A tour of the Kensington Palace allows you to see the king and queen's chambers, and the room of the grandmother of Europe, Queen Victoria. Here you will see a portrait of Peter I, by G. Kneller. William III persuaded Peter to pose for a court painter, and Peter agreed because he was so struck by the scientific instruments which are fashionably seen today.
The palace also holds a fine collection of paintings, royal gowns, and dresses up to the time of the late Princess Diana (this palace used to be her official home). An individual exhibition highlights Queen Victoria (her former clothes, jewelry, and other odd objects that might be interesting ). A garden near the palace itself is wonderful and it is absolutely free.
The Palace is still used as a royal residence; currently Prince William and his family live here when they are in London, as does Prince Harry.
Houses of Parliament
The Houses of Parliament (Palace of Westminster) is the place where the government works and the laws for the UK government are debated and voted upon. It is located on the River Thames. Several rooms are made available for the public to visit: the House of Commons, where the political debate occurs; the Lobby and Royal Gallery, Hall of the House of Lords, and Westminster Hall.
The Central Hall of the Westminster Hall is the oldest part of the Houses of Parliament. Westminster Palace was badly damaged by fire in 1834, but Westminster Hall (main hall) and the crypt were kept preserved.
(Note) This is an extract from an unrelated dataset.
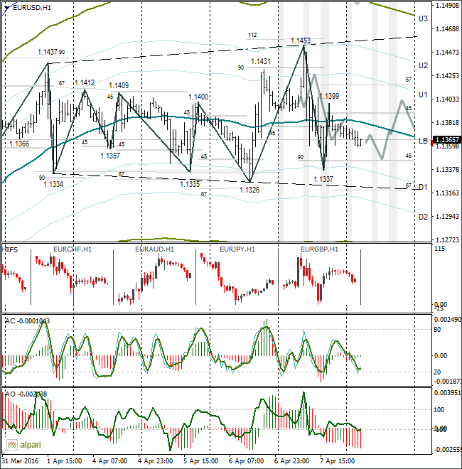 Евро/доллар с 1 апреля (День Смеха) находится в боковом тренде. Все дневные свечи за эти дни похожи на доджи с длинными тенями. Вчерашняя смешанная динамика в паре вызвана повышением цен на нефть и заявлениями представителя ФРС США Харкера.

Excursions (as with a guide, and with audio guide) are normally held on Saturdays only to avoid interruption while the parliamentarians are at work during weekdays.
Big Ben is the classic London landmark facing the River Thames. This famous clock tower has a height of 200 feet. Its official name is the "Clock Tower of Westminster Palace" and it is part of the architectural complex of the Palace of Westminster. The bell is named in honor of Hall Bendzhamina who was responsible for the installation of the bell. It is located in the tower of this famous clock with four dials.
Visit the complex at night because it looks more impressive when illuminated by searchlights. Inside, unfortunately, access is not a possibility. Outside, there is always a huge crowd of tourists wanting to have a photo opportunity with the landmark clock of London. Everyone wants to see Big Ben live, because this attraction is really worth it!
The Tower Bridge is a famous landmark of London that is definitely worthy of respect and a visit. From the Piccadilly Circus it is a 25 minutes' walk away. This bridge is a drawbidge, to it is raised frequently to give way to the large shipping vessels that cannot pass underneath. The massive pillar is consisted of two towers built in the gothic style, and they are connected to draw span and galleries, which are designed for pedestrians. The gallery is made in such a way that when the spans diverge, pedestrians still continue to move.
In order to reach the top part, you need to climb up the spiral staircase or take the elevator. There is normally no need to wait for a long time, and going to the top makes this landmark of London and its great view seem even more majestic.